May 21Liked by David B. Williams

I'm friends with several trees in Seattle.

I'm for reforestation and a robust science based department of biodiversity in our city that helps people learn how to care for wild plants and animals. Round up is still an over the counter poison that we think nothing of using. As with so many of our plant and animal cousins we think nothing of them at all. What if we tried non harm for a few decades to make amends for cutting down everything in sight?

I'm also against class warfare and see some of the pro tree people saying they love trees as a way of keeping THOSE people out of OUR neighborhood.

The climate changing fast is also changing what trees survive here. Maples are dying out, northern California trees will have to be planted here as they normally would take thousands of years to migrate north.
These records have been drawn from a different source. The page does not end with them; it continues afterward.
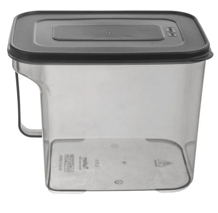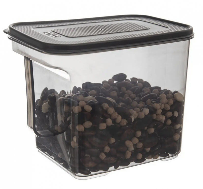Šikovná zásobnica na potraviny s viečkom a držadlom z PP plastu (dymovo transparentná) – ideálna na múku, soľ, cukor, krupicu, strúhanku, cestoviny či strukoviny.
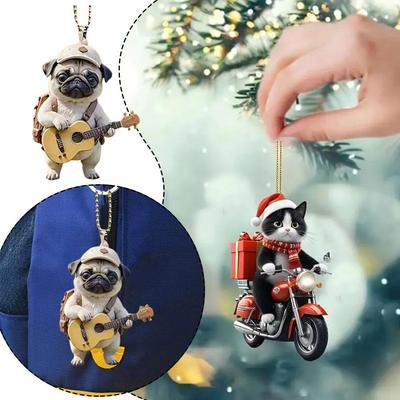 Dekoracja świąteczna Szczeniak jeżdżący na motocyklu akrylowy wisiorek choinka ozdoba wisząca na święta dom samochód
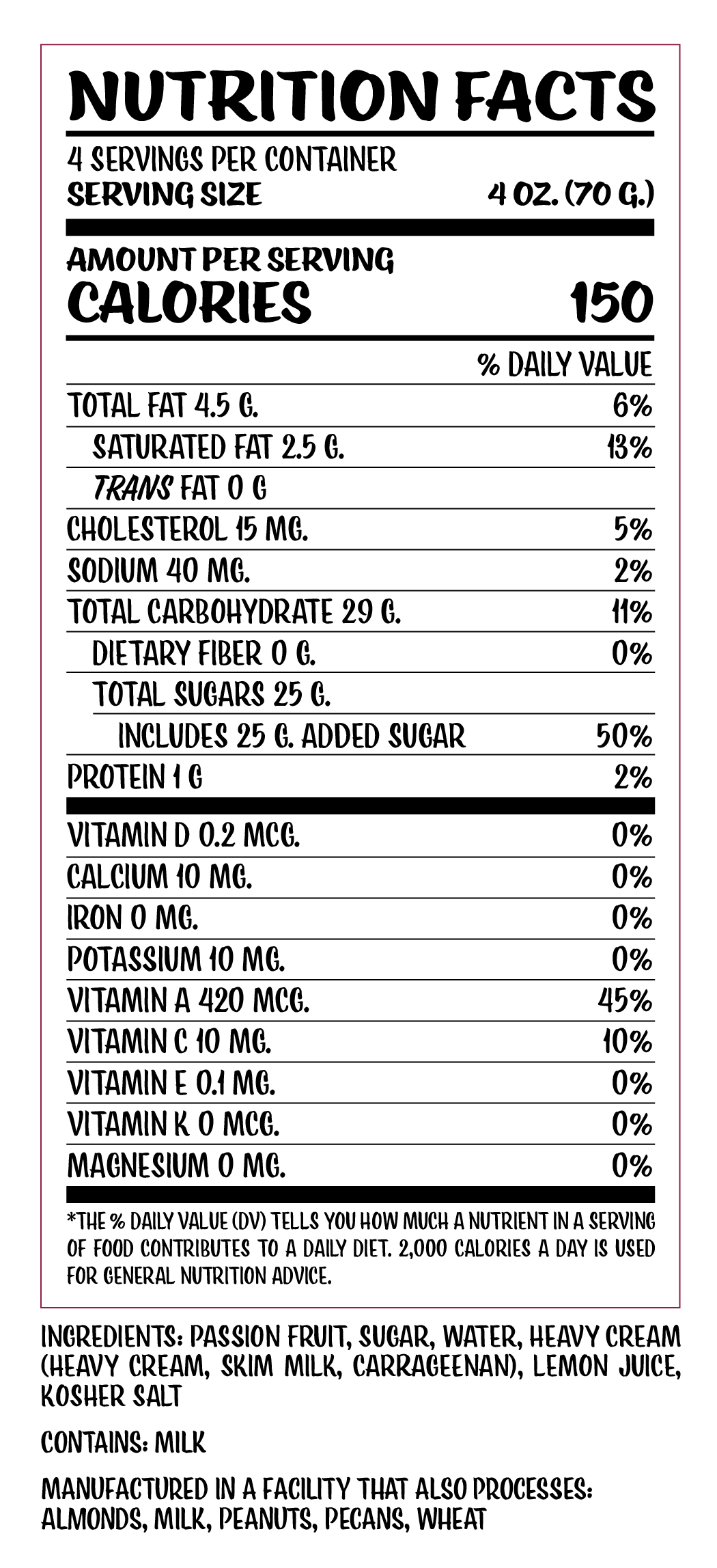 water, sugar, passion fruit, heavy cream (heavy cream, skim milk, carrageenan), lemon juice, kosher salt
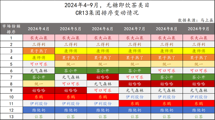 以前十名中处于腰部位置的茶小开为例,线下零售监测机构马上赢的数据显示,2023年12月至2024年11月,无糖即饮茶类目中前10名的市场份额排行榜中,茶小开排名第6。从2024年4-9月,无糖即饮茶类目中市场份额前13的集团排序变动情况看,茶小开的排位保持在6-7名之间。
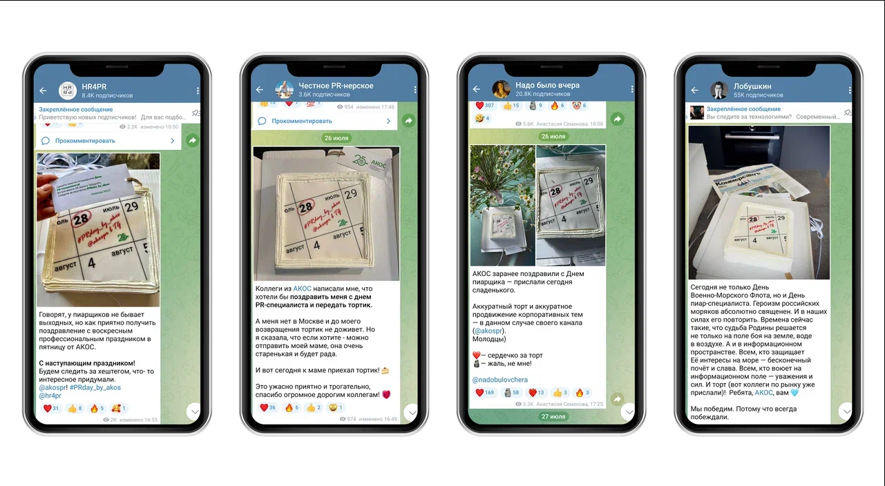 В качестве анонса Ассоциация разослала тортики с интригующим оформлением партнерам и авторам каналов. Пост в telegram-канале собрал 24,9 тысячи просмотров и 85 репостов, вызвав интерес не только у специалистов по PR, но и у представителей смежных областей.
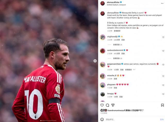 麦卡利斯特赛后在个人社媒晒出本场照片,配文写道:“默西塞德德比胜利属于我们,球队拿出了很棒的表现,这是必须要取胜,必须全力拼搏的比赛,又一场主场胜利!”
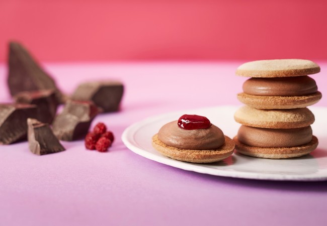 ふんわりと焼き上げたやわらかなビスキュイに、ベルギー産チョコレートを使用したチョコレートクリームと、つぶつぶ食感のラズベリーソースをサンドしました。チョコレートの濃厚な風味を甘酸っぱいラズベリーが引き立てる大人のケーキ、ショコラフランボワーズを彷彿とさせる奥深く華やかな味わいをお楽しみください。
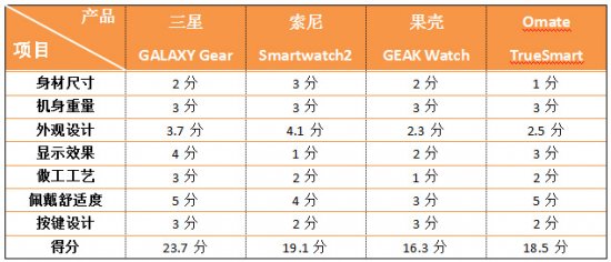 小结:外观设计得分由七个分项测试的进行汇总所得,其中三星GALAXY Gear的得分最高。单一外观来说,三星GALAXY Gear的表现确实不错,无论是年轻的时尚用户,还是高端的商务精英都非常适合佩戴。
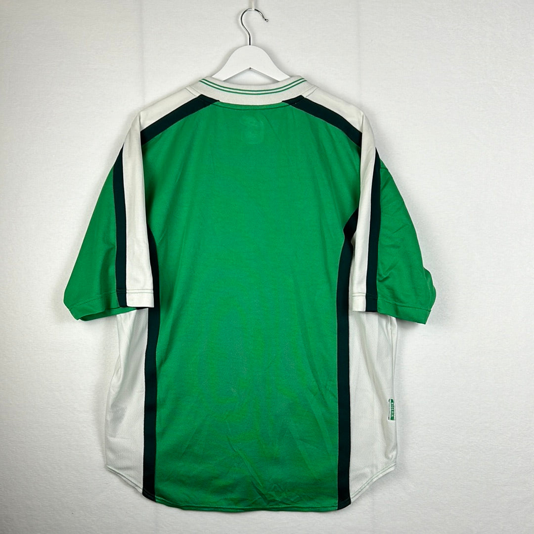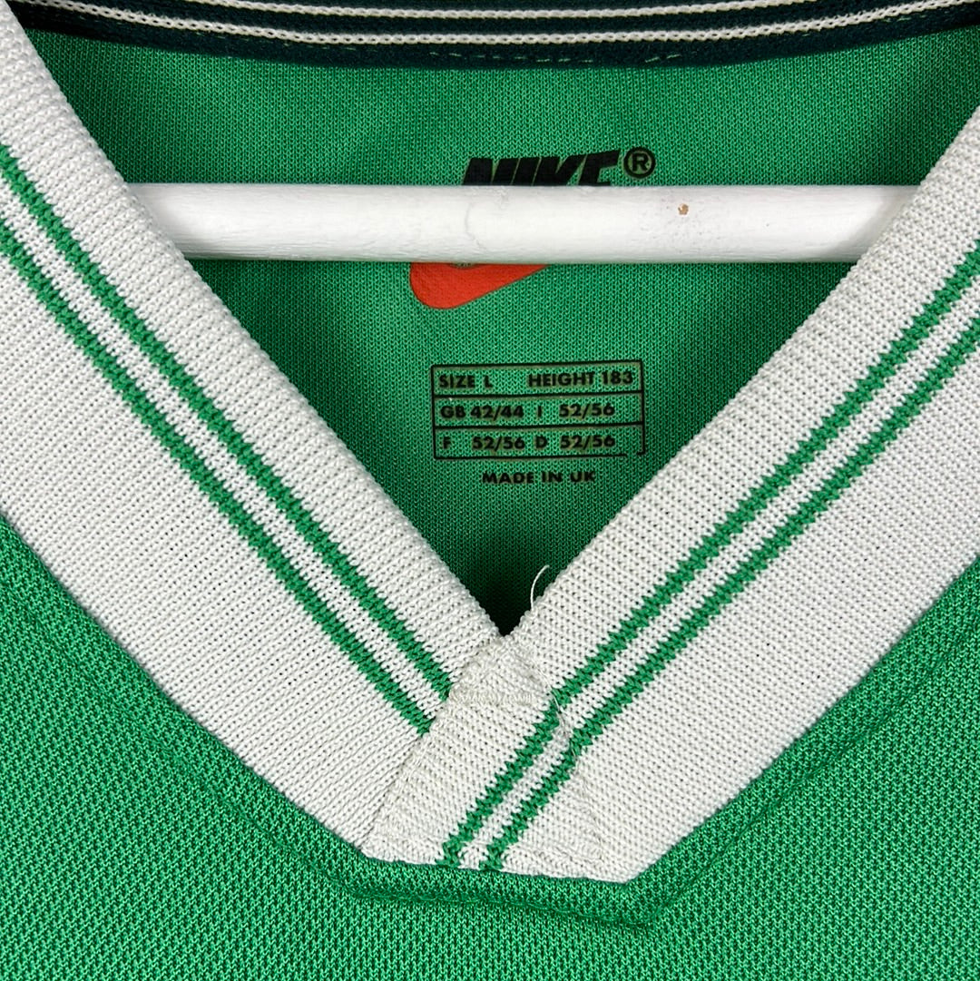 Shirt info:  The Nigeria 1998 football shirt is renowned for its iconic design and the memorable performance of the Nigerian national team during the 1998 FIFA World Cup. As far as Nigerian shirts go this is a rather plain template from Nike and lacks some design styles of the more modern Nike shirts.
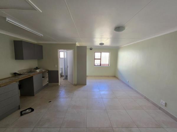 This neat bachelor units is offering a open plan kitchen with stunning built-in cupboards
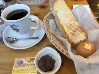 コーンさん、こんばんは😃。 朝から一働きした後のモーニングはとっても美味しくて、お腹も空いていたのでお代わり山食パン🍞、いちごジャムでいただきました☺️🎶。 バターといちごジャム、ダブルの美味しさがクセになりそうです😅💦 2日連続細長ゆでたまご🥚さん、タダさんが命名してくださったので🥚友蔵さんって呼
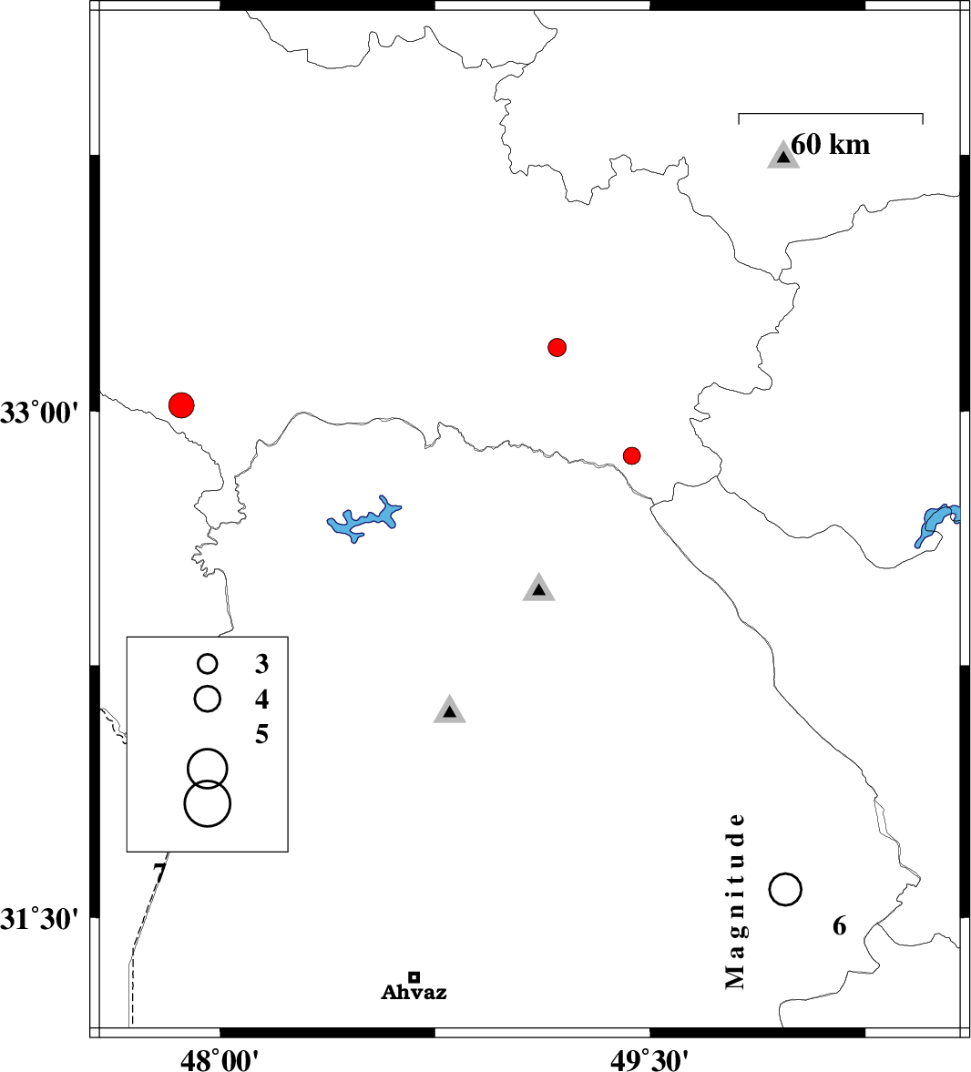 | 2011/12/26 | 04:01:20.2 | 07:31:20.2 | 32.35 | 49.34 | 32 | ML:2.7 | Khoozestan Province, 22 km East of Lali | ||
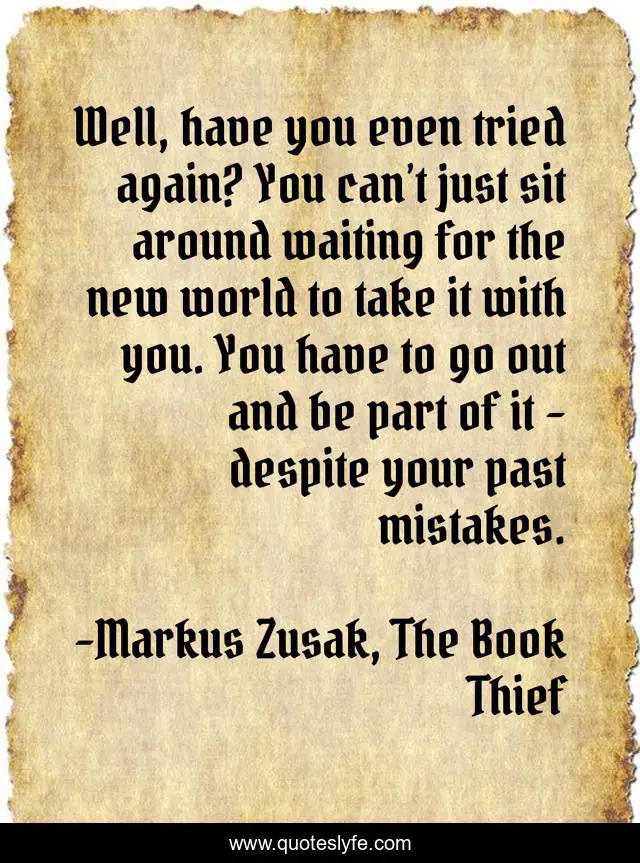 This page presents the quote "Well, have you even tried again? You can’t just sit around waiting for the new world to take it with you. You have to go out and be part of it - despite your past mistakes.". Author of this quote is Markus Zusak, The Book Thief. This quote is about life, life-lesson, try-again, new-world, failure, world, mistake,.
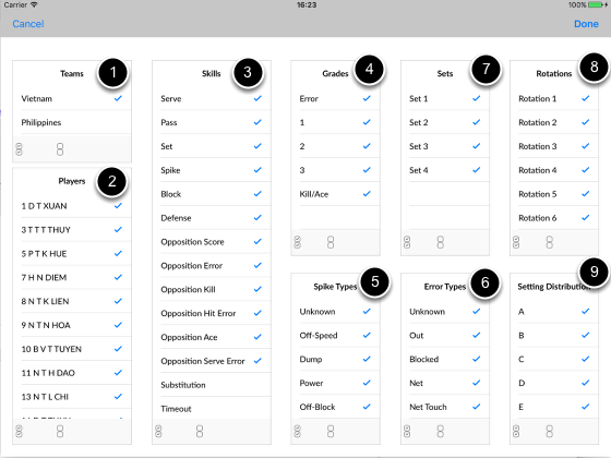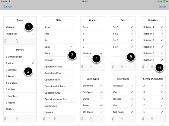 4. Select 1, 2, 3 as we are only interested in their sideouts. Could possibly remove 1 if you only want to see their in-system plays
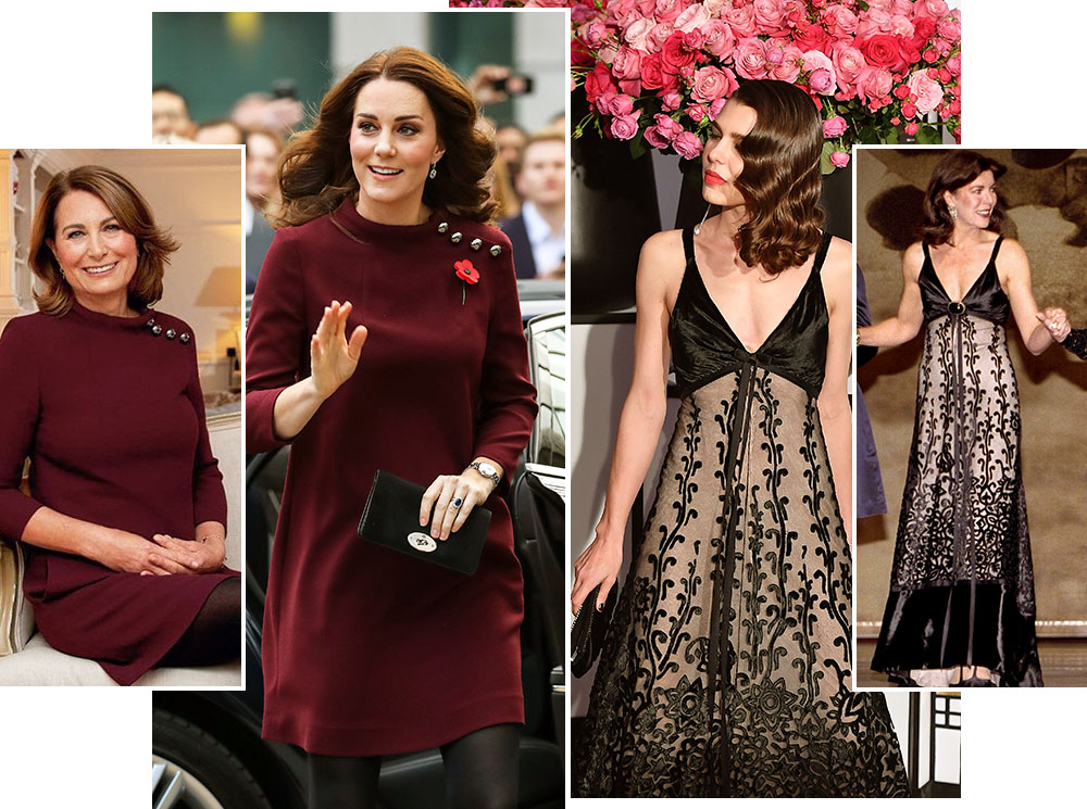 В том, что герцогиня Кэтрин и ее мать демонстрируют схожее чувство стиля, сомневаться не приходится: достаточно посмотреть на образы обеих женщин на формальных мероприятиях вроде скачек в Аскоте или Уимблдона. Но, что важно, периодически мы видим супругу принца Уильяма ровно в таких же нарядах, в которых ранее появлялась Кэрол, — и наоборот. Кто у кого заимствует наряды — все еще загадка, но мы все же склоняемся в пользу версии «дочь — у матери», ведь чаще всего совпадения происходят именно во время беременностей Кейт, когда ей нужны вещи большего размера.
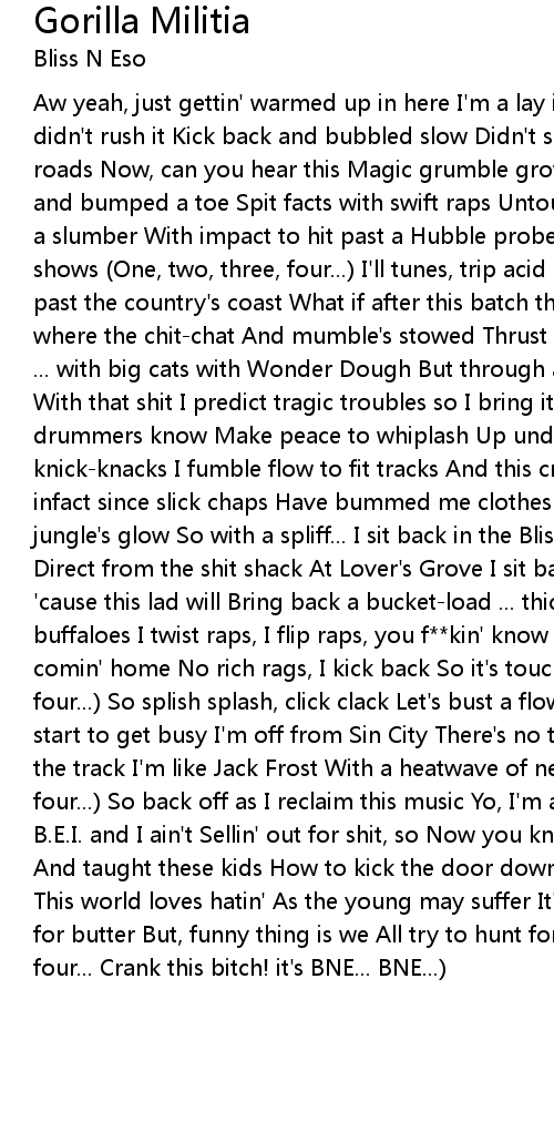 Aw yeah, just gettin' warmed up in here I'm a lay it down like this, yo We didn't rush it Kick back and bubbled slow Didn't suck dick Hit gas and rumbled roads Now, can you hear this Magic grumble grow We move like the drums Tic-tac and bumped a toe Spit facts with swift raps Untouchable with syntax To bitchslap a slumber With impact to hit past a Hubble probe Spin back to fit massive summer shows (One, two, three, four...) I'll tunes, trip acid undertones ... that sit past the country's coast What if after this batch the bubble blows Lord knows where the chit-chat And mumble's stowed Thrust in the ringmaster's Thunderdome ... with big cats with Wonder Dough But through all the mish-mash I wonder, bro With that shit I predict tragic troubles so I bring it back To this patch and drummers know Make peace to whiplash Up under his dome And pitch black with knick-knacks I fumble flow to fit tracks And this cracks the puzzle's code And infact since slick chaps Have bummed me clothes We're trailblazin' a lit path by jungle's glow So with a spliff... I sit back in the Bliss bachelor's bungalow Direct from the shit shack At Lover's Grove I sit back with a six-pack and... 'cause this lad will Bring back a bucket-load ... thick hash And zigzags on buffaloes I twist raps, I flip raps, you f**kin' know So kick back, Big Macka's comin' home No rich rags, I kick back So it's touch and go (One, two, three, four...) So splish splash, click clack Let's bust a flow (Aw yeah...) Yo, when I start to get busy I'm off from Sin City There's no turning back Once Macka's on the track I'm like Jack Frost With a heatwave of new shit (One, two, three, four...) So back off as I reclaim this music Yo, I'm a tell it how it is This is B.E.I. and I ain't Sellin' out for shit, so Now you know who Spits the raw sound And taught these kids How to kick the door down Hours in the air, run for cover This world loves hatin' As the young may suffer It's like there's a Huge hunt for butter But, funny thing is we All try to hunt for cover (One, two, three, four... Crank this bitch! it's BNE... BNE...) |

I'm daydreaming about turning Aurora Ave between Green Lake and Seattle Center into a car free park with social housing, transit bike paths to help handle growth from climate migration and abolish homelessness.

In researching trees with potential for the strip for this section of Aurora, my friend and plant genius Arthur Lee Jacobson said we need to plant trees that grow food and are drought resistant as water even here will become more precious.

So my Seattle Highline style Park idea is now percolating into a food forest.

My friend Mike Lee graduated from UW landscape design with a reforestation design for the street that connects Pioneer Square to Seward Park. ( Mike drew all my tree posters and helped me start Good Nature publishing in 95.)

So perhaps we could reforest Aurora to Seattle Center and Myrtle Edwards Park, then plant trees, vines and urban farms down 1st or 2nd to Pioneer Square linking downtown to Seward Park?

Maybe there are other ideas that could help us grow a muscle to go outside, leave our screens at home and imagine a great city full of trees, abundant housing, food and enough?

I don't know. But it's fun to think about looking for ways to challenge the myth of scarcity, plant trees that will mature long after we're gone.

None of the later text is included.